**Task details:** The reply needs the lines from the one containing "Push your limit, Easter" through the end of the material, each repeated exactly, and no pictures.
START Data segment
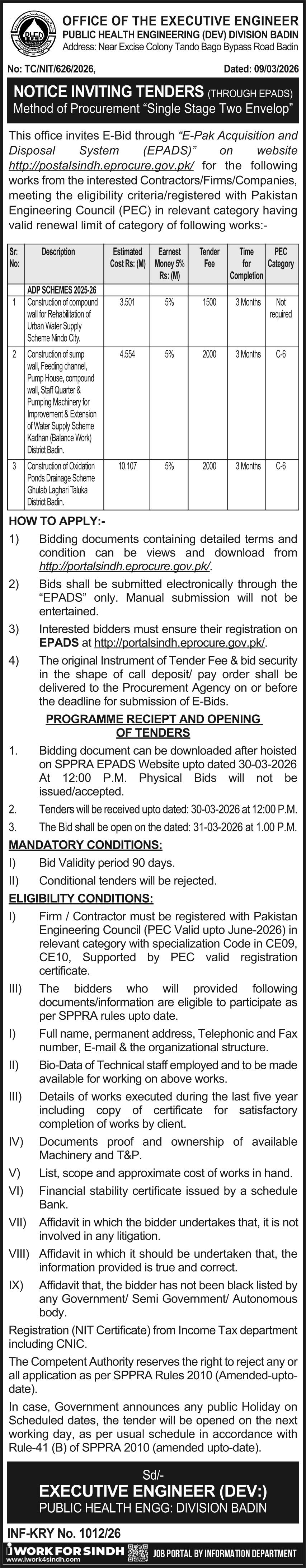 Buildings, Construction, Engineering, Repair & Maintenance, Roads, Water Supply Scheme / Drains / Sewerage
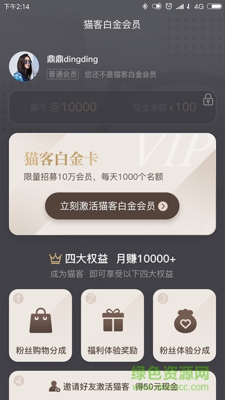 【猫客】用户可在猫客页面通过完成任务获取会员资格,猫客分为白金会员和黑金会员,用户完成不同任务获得不同会员资格。成为会员后,可选择一件商品免费领取,并解冻一部分猫币,成为猫客可享受其他猫客权益。
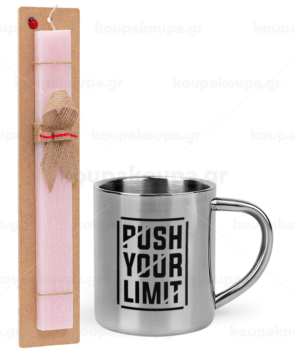 Push your limit, Easter Set, metallic thermal cup (300ml) & aromatic flat Easter candle (30cm) (PINK)
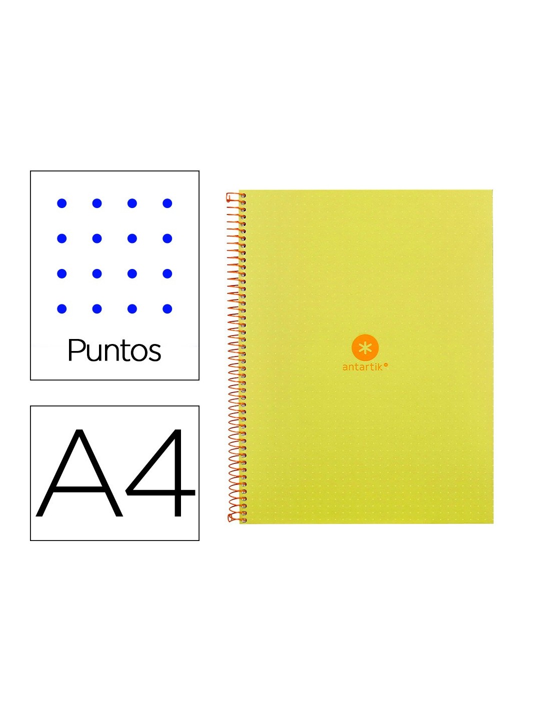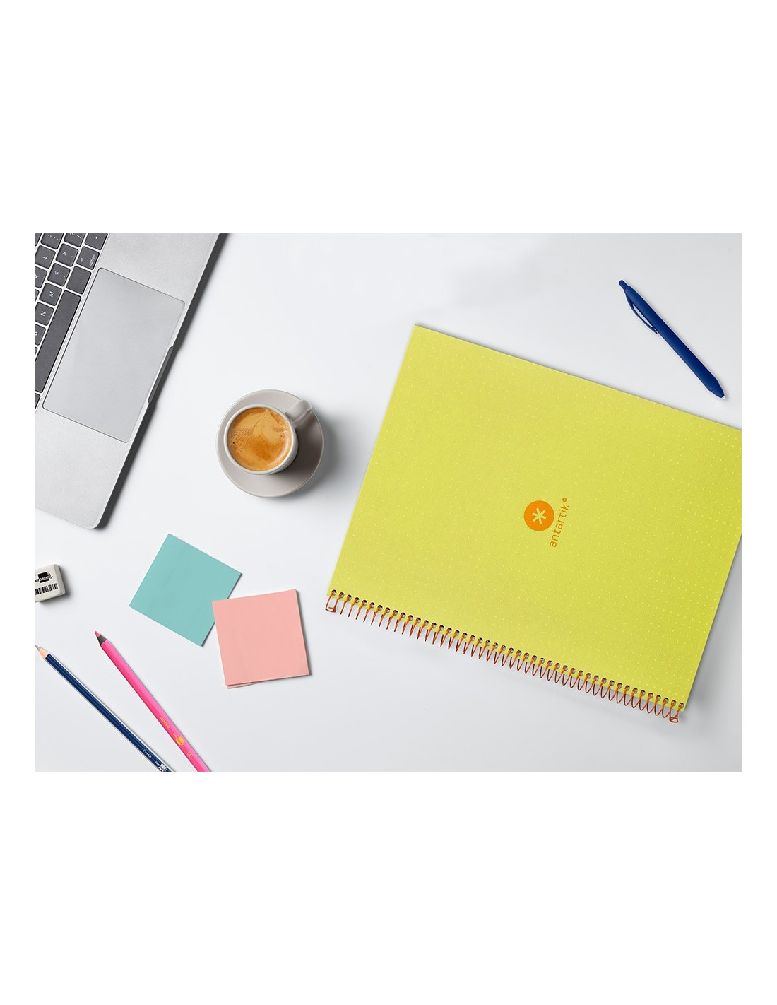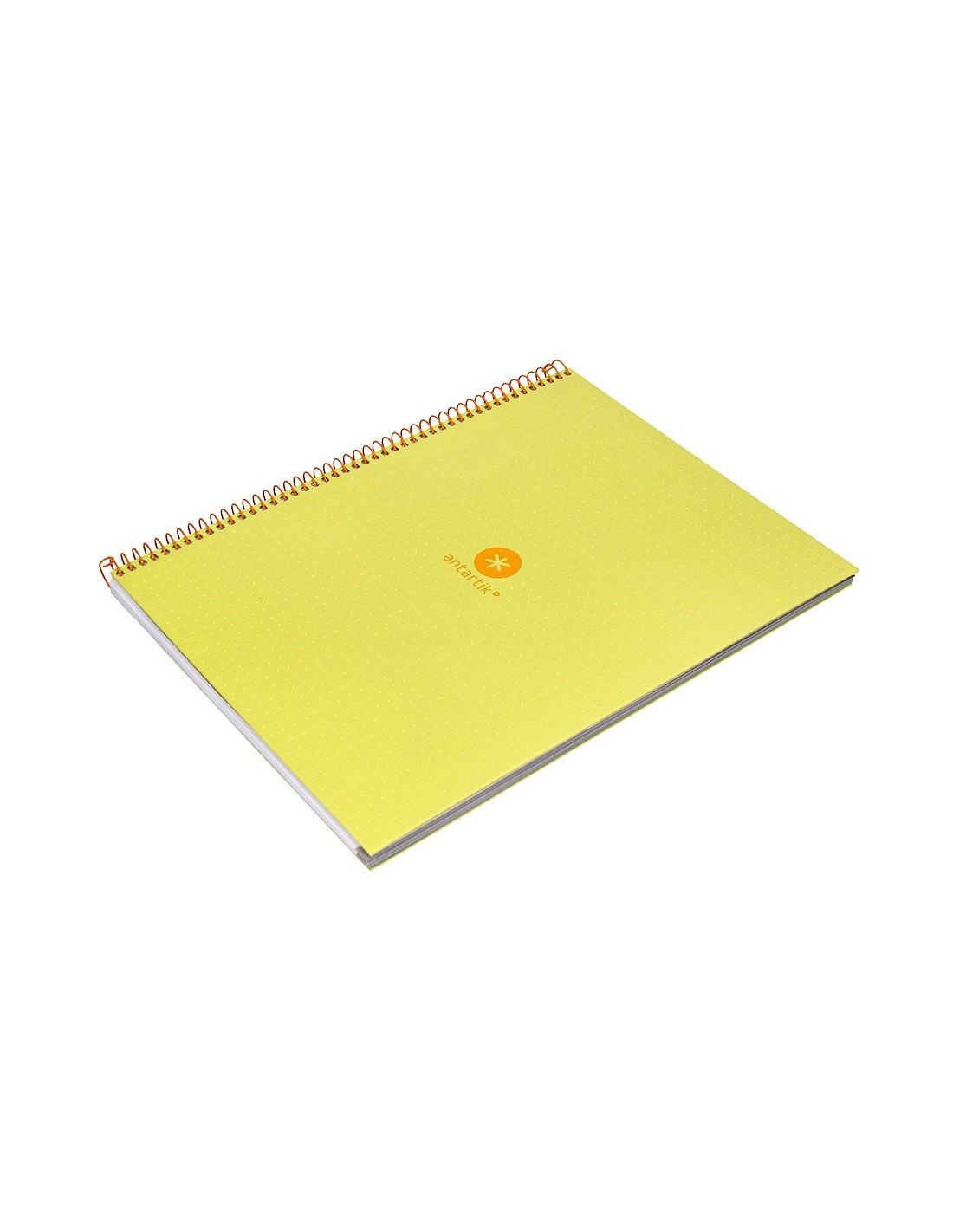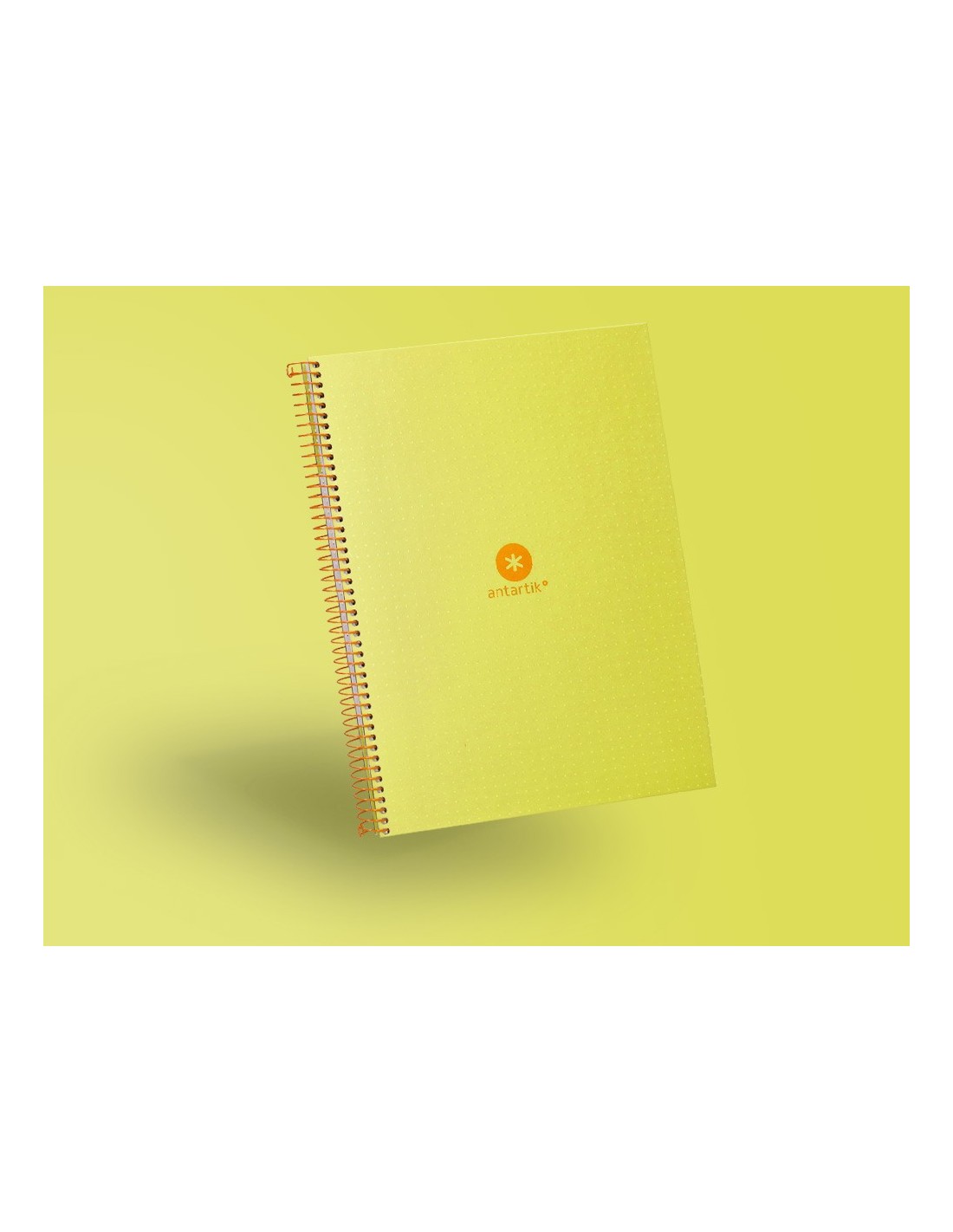 El cuaderno de más alta gama del mercado: exclusivo diseño, características inigualables, un cuaderno sin precedentes que se distingue por la suavidad y blancura de su papel. Tapa de cartón entrecolado de 1,5 mm de espesor, forrado a una cara con papel estucado mate extrasuave y reserva de barniz uvi. Guarda interior impresa. 80 hojas de gran resistencia y rigidez. Papel extrablanco de 90 g/m2, ultrasuave que hace la escritura mucho más fluida. La tinta no traspasa. Banda de color. Formato Din A4. Microperforado.Espiral nylonizada de colores. Coil-lock. Color Amarillo. INTERIOR IMPRESO EN SUAVES PUNTOS GRISES EQUIDISTANTES 5MM ENTRE SI QUE PERMITEN SER UNA PERFECTA GUIA SIN DESTACAR. IDEAL PARA HACER BOCETOS, DIBUJAR, TOMAR APUNTES O HACER GRAFICOS.
END Data segment
**Answer box:**
 Push your limit, Easter Set, metallic thermal cup (300ml) & aromatic flat Easter candle (30cm) (PINK)
 El cuaderno de más alta gama del mercado: exclusivo diseño, características inigualables, un cuaderno sin precedentes que se distingue por la suavidad y blancura de su papel. Tapa de cartón entrecolado de 1,5 mm de espesor, forrado a una cara con papel estucado mate extrasuave y reserva de barniz uvi. Guarda interior impresa. 80 hojas de gran resistencia y rigidez. Papel extrablanco de 90 g/m2, ultrasuave que hace la escritura mucho más fluida. La tinta no traspasa. Banda de color. Formato Din A4. Microperforado.Espiral nylonizada de colores. Coil-lock. Color Amarillo. INTERIOR IMPRESO EN SUAVES PUNTOS GRISES EQUIDISTANTES 5MM ENTRE SI QUE PERMITEN SER UNA PERFECTA GUIA SIN DESTACAR. IDEAL PARA HACER BOCETOS, DIBUJAR, TOMAR APUNTES O HACER GRAFICOS.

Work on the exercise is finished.